**Task directions**
In duplicating the lines below, keep every word unchanged and drop the pictures.

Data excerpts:
■ ■ ■

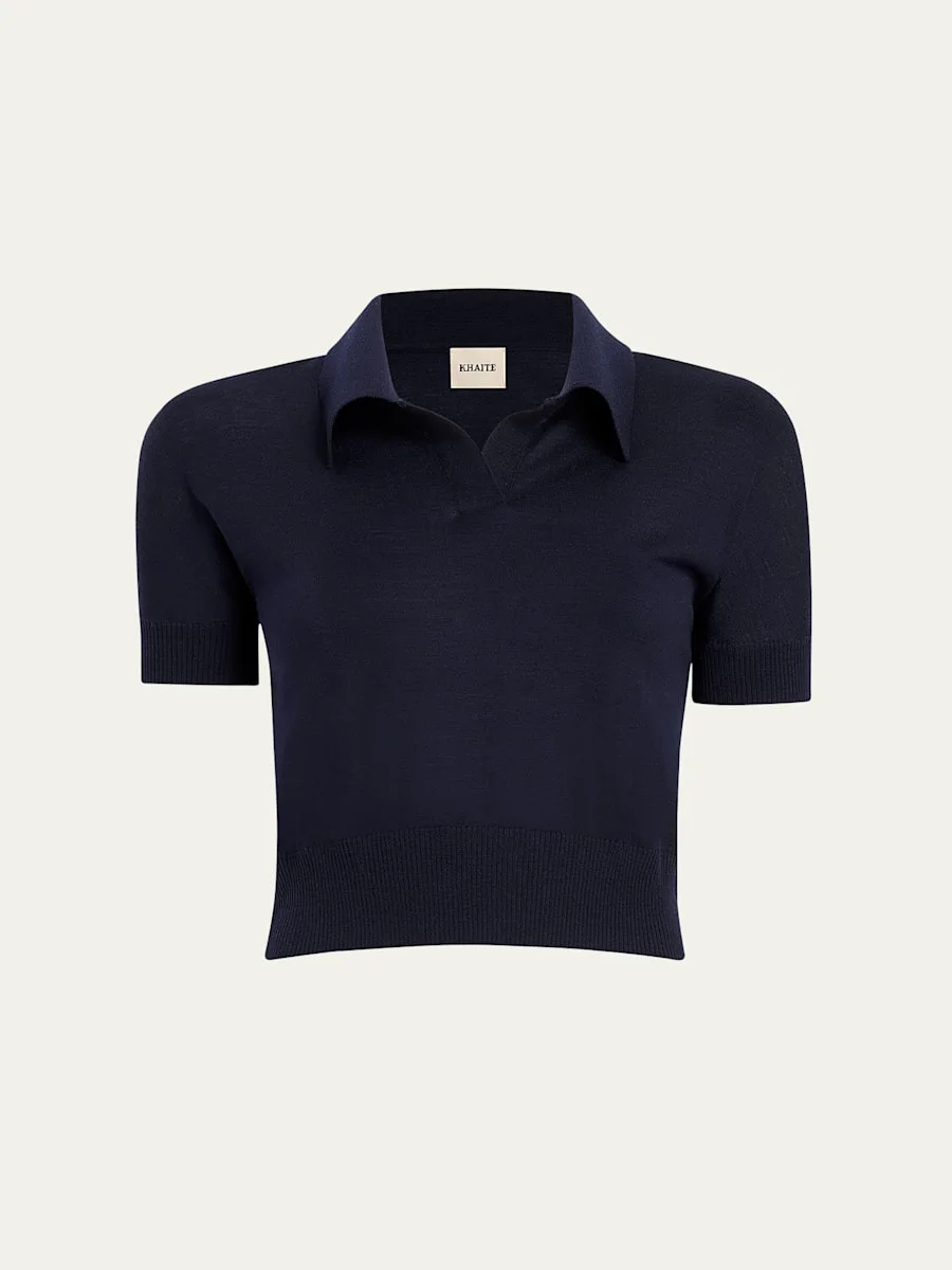 Khaite "Morgane" polo top Spread collar; split V front Short sleeves Relaxed fit Cropped length Ribbed cuffs and hem Pullover style Wool/nylon/polyamide Dry clean Made in Italy Model is 5'10"/177cm. Online Inquiries: BGS21_B9NEP| Store Inquiries: #4924556
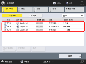 若按下 [優先列印],所選工作會置於等待佇列的最上方。所選工作會在前一個正在進行的工作完成後執行。
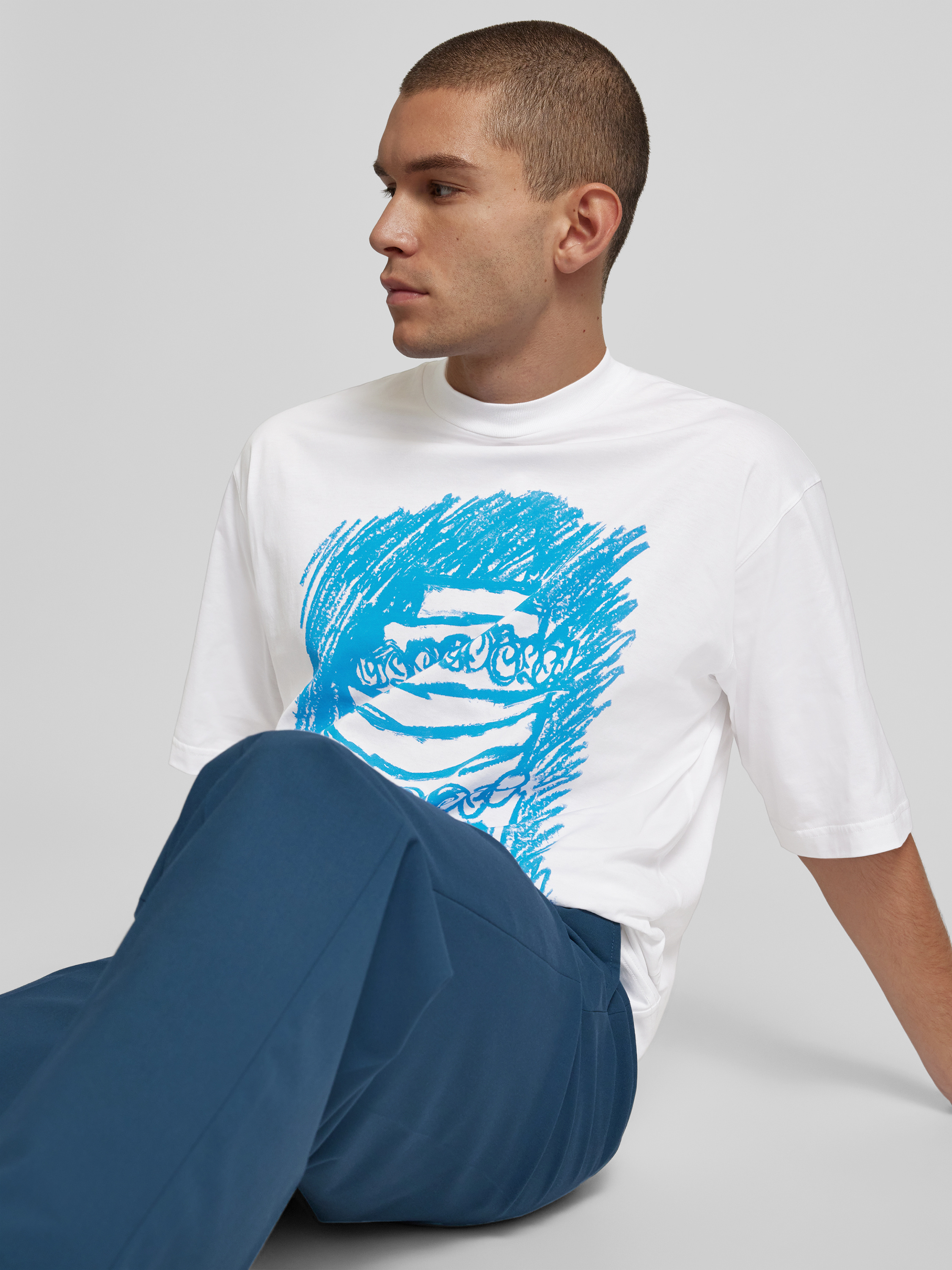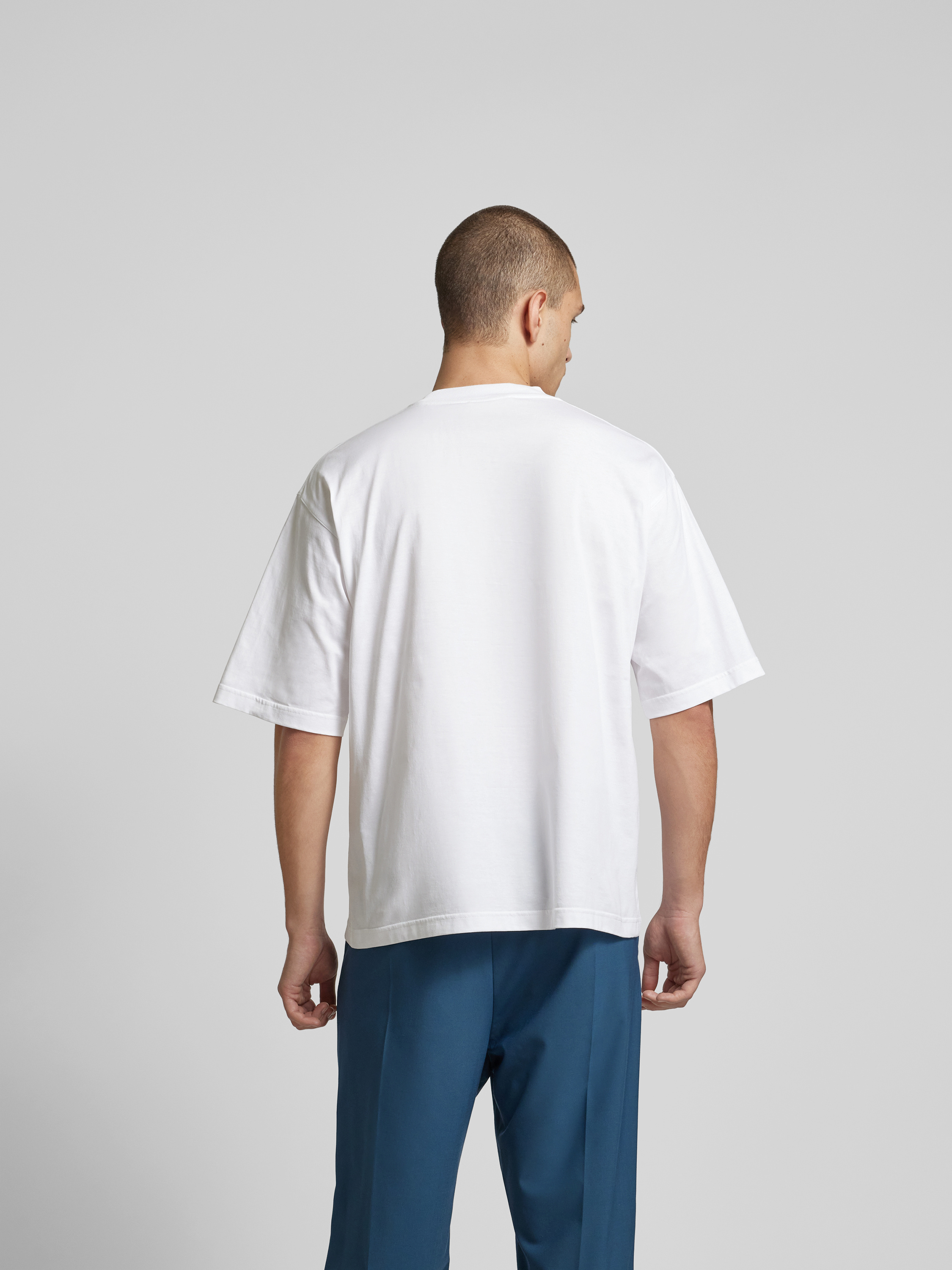 Das Herren T-Shirt von Marni aus reiner Baumwolle fällt durch seinen lockeren Schnitt angenehm leicht und sorgt so für hohen Tragekomfort. Ein markanter Label-Print setzt einen modernen Akzent, während der klassische Rundhalsausschnitt das Gesamtbild lässig abrundet. So eignet sich das T-Shirt mit Label-Print besonders für entspannte Outfits.
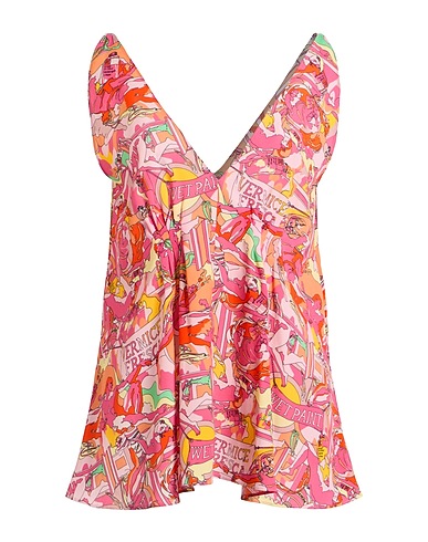 top, crepe, cartoon print, side seam stripes, deep neckline, sleeveless, machine wash, do not bleach, tumble dry
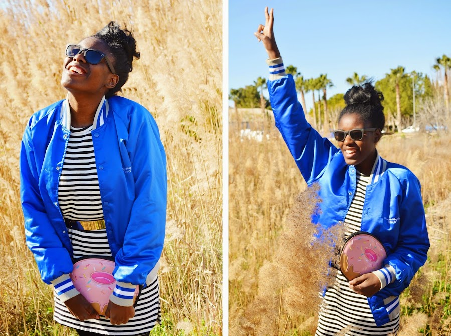 En este post (AQUÍ) os hablé de la tienda Flamingos Vintage Kilo Murcia , y de que me había comprado unas prendas, pues una de ellas es esta preciosa bomber que me tiene enamorada.
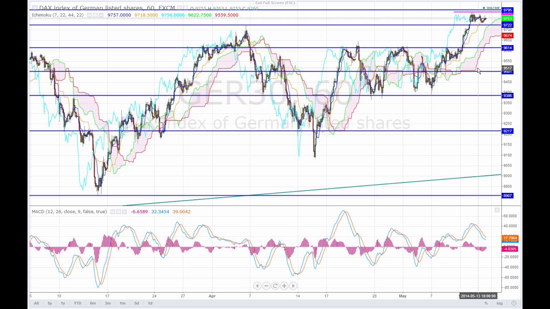 Während die US-Märkte im Einklang mit USD/JPY Schwäche zeigten, ließ sich der Dax nicht beeindrucken und verharrte auf hohem Niveau. Wie lange noch? Oder haben die US-Märkte morgen auch wieder Rekordhunger. Der Chart mahnt jedenfalls zur Vorsicht. <br />Schwache Arbeitsmarktdaten haben GBP heute unter Druck gesetzt. EUR/USD legte bei der Talfahrt eine Pause ein.
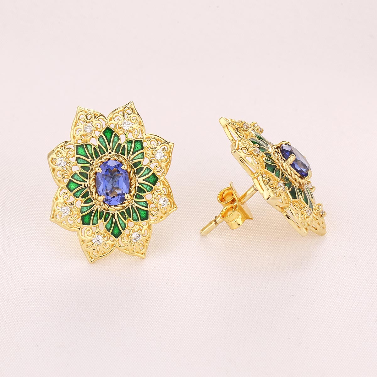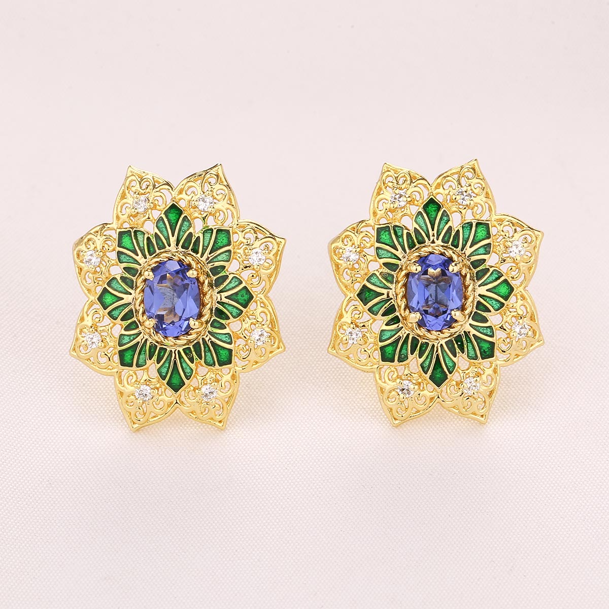 92.5 silver gold-plated, Earrings studded with semi-precious stones.
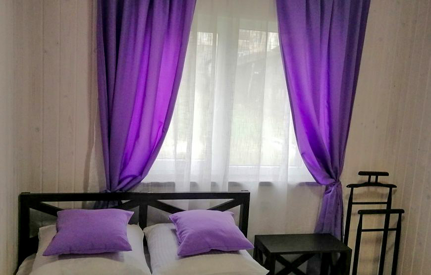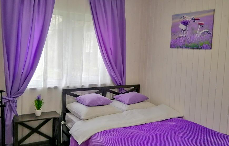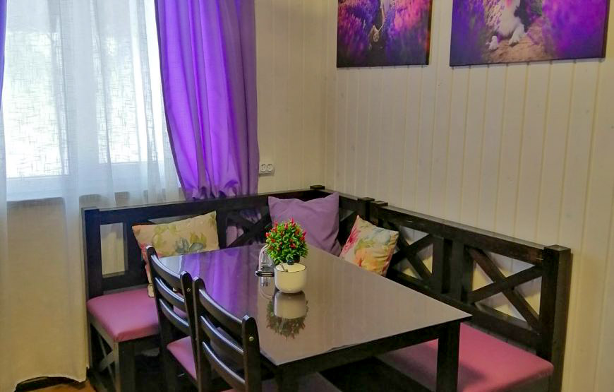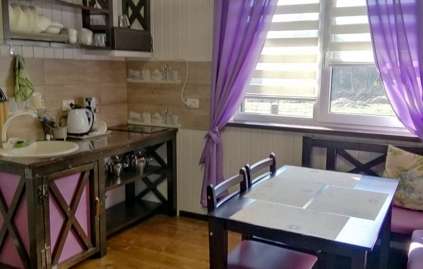 A comfortable wooden cottage can accommodate 6 people. The house has a kitchen with dishes and other attributes necessary for quality rest.
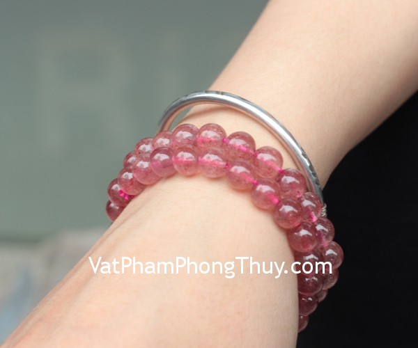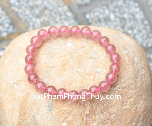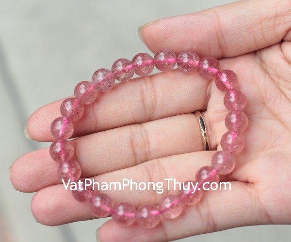 + Chất liệu và hoàn thiện: Chuỗi thạch anh dâu đỏ Uruguay, loại đặc biệt của thạch anh hồng, vân đỏ li ti ẩn trong màu hồng của thạch anh (tại Việt Nam).

■ ■ ■

**Reply to the exercise**
 Khaite "Morgane" polo top Spread collar; split V front Short sleeves Relaxed fit Cropped length Ribbed cuffs and hem Pullover style Wool/nylon/polyamide Dry clean Made in Italy Model is 5'10"/177cm. Online Inquiries: BGS21_B9NEP| Store Inquiries: #4924556
 若按下 [優先列印],所選工作會置於等待佇列的最上方。所選工作會在前一個正在進行的工作完成後執行。
 Das Herren T-Shirt von Marni aus reiner Baumwolle fällt durch seinen lockeren Schnitt angenehm leicht und sorgt so für hohen Tragekomfort. Ein markanter Label-Print setzt einen modernen Akzent, während der klassische Rundhalsausschnitt das Gesamtbild lässig abrundet. So eignet sich das T-Shirt mit Label-Print besonders für entspannte Outfits.
 top, crepe, cartoon print, side seam stripes, deep neckline, sleeveless, machine wash, do not bleach, tumble dry
 En este post (AQUÍ) os hablé de la tienda Flamingos Vintage Kilo Murcia , y de que me había comprado unas prendas, pues una de ellas es esta preciosa bomber que me tiene enamorada.
 Während die US-Märkte im Einklang mit USD/JPY Schwäche zeigten, ließ sich der Dax nicht beeindrucken und verharrte auf hohem Niveau. Wie lange noch? Oder haben die US-Märkte morgen auch wieder Rekordhunger. Der Chart mahnt jedenfalls zur Vorsicht. <br />Schwache Arbeitsmarktdaten haben GBP heute unter Druck gesetzt. EUR/USD legte bei der Talfahrt eine Pause ein.
 92.5 silver gold-plated, Earrings studded with semi-precious stones.
 A comfortable wooden cottage can accommodate 6 people. The house has a kitchen with dishes and other attributes necessary for quality rest.
 + Chất liệu và hoàn thiện: Chuỗi thạch anh dâu đỏ Uruguay, loại đặc biệt của thạch anh hồng, vân đỏ li ti ẩn trong màu hồng của thạch anh (tại Việt Nam).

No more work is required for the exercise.